- **MATERIAL SHOWN**:
────
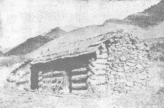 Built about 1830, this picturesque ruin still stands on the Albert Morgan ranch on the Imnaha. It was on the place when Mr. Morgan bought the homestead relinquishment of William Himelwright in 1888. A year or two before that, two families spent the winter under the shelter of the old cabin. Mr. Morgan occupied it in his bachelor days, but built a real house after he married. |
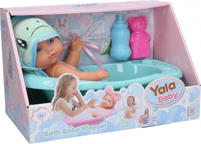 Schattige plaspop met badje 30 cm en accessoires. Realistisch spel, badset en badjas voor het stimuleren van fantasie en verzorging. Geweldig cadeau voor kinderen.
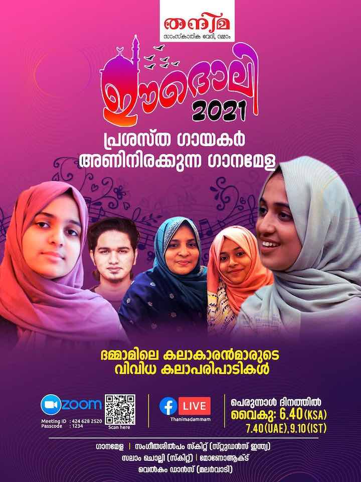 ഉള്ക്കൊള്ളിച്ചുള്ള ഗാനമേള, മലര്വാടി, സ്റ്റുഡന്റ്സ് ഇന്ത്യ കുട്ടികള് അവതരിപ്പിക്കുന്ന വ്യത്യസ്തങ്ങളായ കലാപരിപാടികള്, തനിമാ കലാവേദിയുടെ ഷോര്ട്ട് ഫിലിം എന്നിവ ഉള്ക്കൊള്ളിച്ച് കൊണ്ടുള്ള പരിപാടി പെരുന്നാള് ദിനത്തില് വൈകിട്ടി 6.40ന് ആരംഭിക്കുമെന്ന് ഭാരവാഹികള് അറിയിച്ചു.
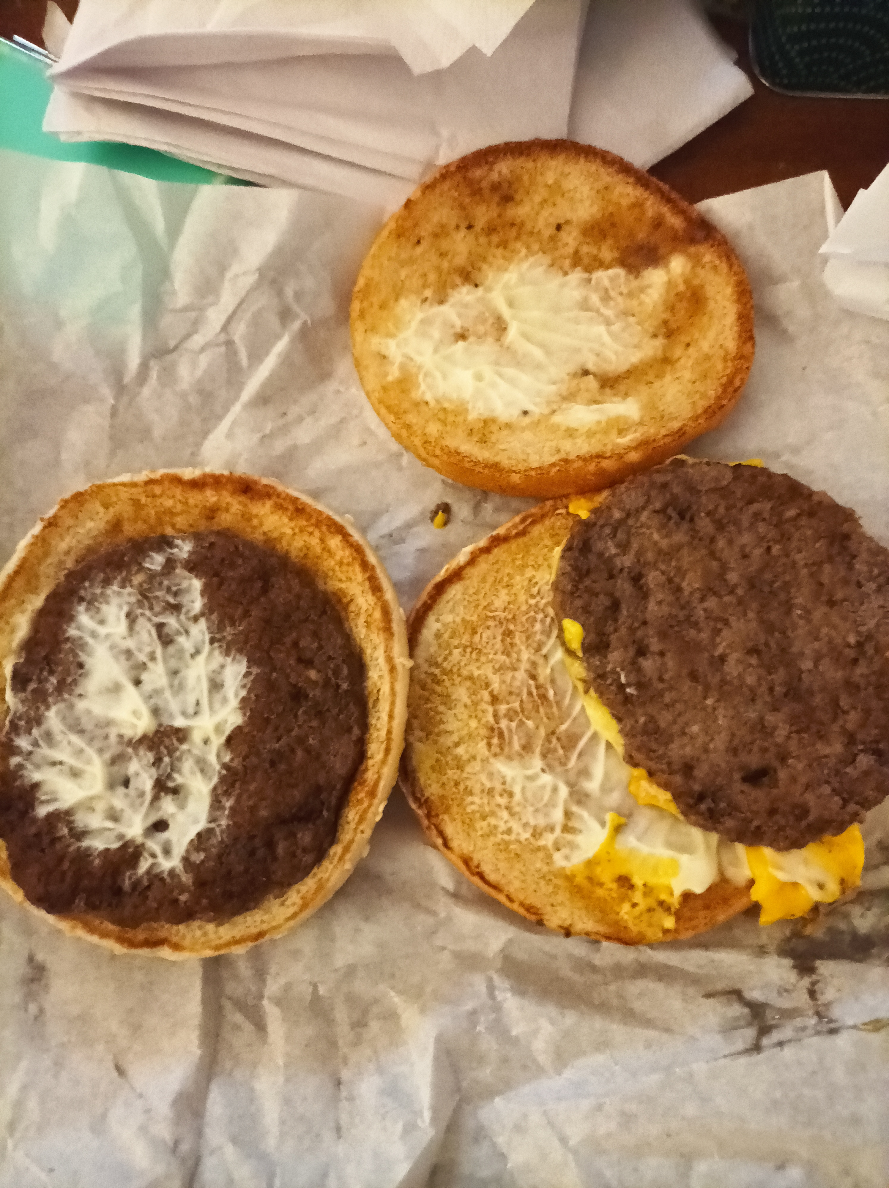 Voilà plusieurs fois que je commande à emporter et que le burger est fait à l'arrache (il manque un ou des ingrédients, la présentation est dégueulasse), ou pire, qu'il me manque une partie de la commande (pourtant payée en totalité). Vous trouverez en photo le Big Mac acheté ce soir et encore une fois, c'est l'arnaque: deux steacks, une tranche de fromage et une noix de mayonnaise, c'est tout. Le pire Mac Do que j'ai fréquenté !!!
────
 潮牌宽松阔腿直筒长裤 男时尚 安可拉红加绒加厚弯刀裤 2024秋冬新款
────
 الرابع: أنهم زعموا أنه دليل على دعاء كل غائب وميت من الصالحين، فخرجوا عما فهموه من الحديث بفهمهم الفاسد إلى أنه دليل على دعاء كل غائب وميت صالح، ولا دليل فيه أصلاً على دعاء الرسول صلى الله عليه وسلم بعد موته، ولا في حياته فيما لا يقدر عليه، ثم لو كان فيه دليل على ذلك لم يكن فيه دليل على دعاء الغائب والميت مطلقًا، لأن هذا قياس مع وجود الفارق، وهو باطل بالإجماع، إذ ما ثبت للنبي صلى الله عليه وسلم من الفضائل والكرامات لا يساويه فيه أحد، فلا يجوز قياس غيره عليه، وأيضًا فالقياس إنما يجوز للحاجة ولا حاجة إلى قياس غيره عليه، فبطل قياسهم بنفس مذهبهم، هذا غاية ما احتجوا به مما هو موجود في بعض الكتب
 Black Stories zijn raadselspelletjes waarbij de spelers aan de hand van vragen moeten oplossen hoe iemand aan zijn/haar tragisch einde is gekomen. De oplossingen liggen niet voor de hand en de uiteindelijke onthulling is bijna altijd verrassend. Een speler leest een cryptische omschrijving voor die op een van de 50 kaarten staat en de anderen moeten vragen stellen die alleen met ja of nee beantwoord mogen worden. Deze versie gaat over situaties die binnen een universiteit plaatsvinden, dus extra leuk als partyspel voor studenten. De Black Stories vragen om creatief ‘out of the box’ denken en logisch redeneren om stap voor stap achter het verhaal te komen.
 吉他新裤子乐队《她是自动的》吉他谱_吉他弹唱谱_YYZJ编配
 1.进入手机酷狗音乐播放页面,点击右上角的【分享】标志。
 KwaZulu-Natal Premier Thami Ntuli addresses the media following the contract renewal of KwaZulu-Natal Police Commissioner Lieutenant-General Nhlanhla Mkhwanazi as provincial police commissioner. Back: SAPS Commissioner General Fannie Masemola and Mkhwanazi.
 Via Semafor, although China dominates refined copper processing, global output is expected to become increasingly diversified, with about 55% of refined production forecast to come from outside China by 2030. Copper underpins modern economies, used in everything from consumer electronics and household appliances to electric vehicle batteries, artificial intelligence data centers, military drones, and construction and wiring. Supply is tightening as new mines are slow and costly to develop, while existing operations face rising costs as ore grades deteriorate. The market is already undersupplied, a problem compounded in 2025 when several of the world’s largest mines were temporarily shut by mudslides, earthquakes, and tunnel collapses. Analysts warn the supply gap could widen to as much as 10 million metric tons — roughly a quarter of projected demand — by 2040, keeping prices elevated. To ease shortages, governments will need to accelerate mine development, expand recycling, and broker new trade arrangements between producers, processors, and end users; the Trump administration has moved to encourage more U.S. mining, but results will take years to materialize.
────
- **HOW TO COMPLETE THIS TASK**:
From the data above, output exactly the lines between the one containing "Black Stories zijn" and the one containing "KwaZulu-Natal Premier Thami", counting both of them.

- **ANSWER BOX**:
 Black Stories zijn raadselspelletjes waarbij de spelers aan de hand van vragen moeten oplossen hoe iemand aan zijn/haar tragisch einde is gekomen. De oplossingen liggen niet voor de hand en de uiteindelijke onthulling is bijna altijd verrassend. Een speler leest een cryptische omschrijving voor die op een van de 50 kaarten staat en de anderen moeten vragen stellen die alleen met ja of nee beantwoord mogen worden. Deze versie gaat over situaties die binnen een universiteit plaatsvinden, dus extra leuk als partyspel voor studenten. De Black Stories vragen om creatief ‘out of the box’ denken en logisch redeneren om stap voor stap achter het verhaal te komen.
 吉他新裤子乐队《她是自动的》吉他谱_吉他弹唱谱_YYZJ编配
 1.进入手机酷狗音乐播放页面,点击右上角的【分享】标志。
 KwaZulu-Natal Premier Thami Ntuli addresses the media following the contract renewal of KwaZulu-Natal Police Commissioner Lieutenant-General Nhlanhla Mkhwanazi as provincial police commissioner. Back: SAPS Commissioner General Fannie Masemola and Mkhwanazi.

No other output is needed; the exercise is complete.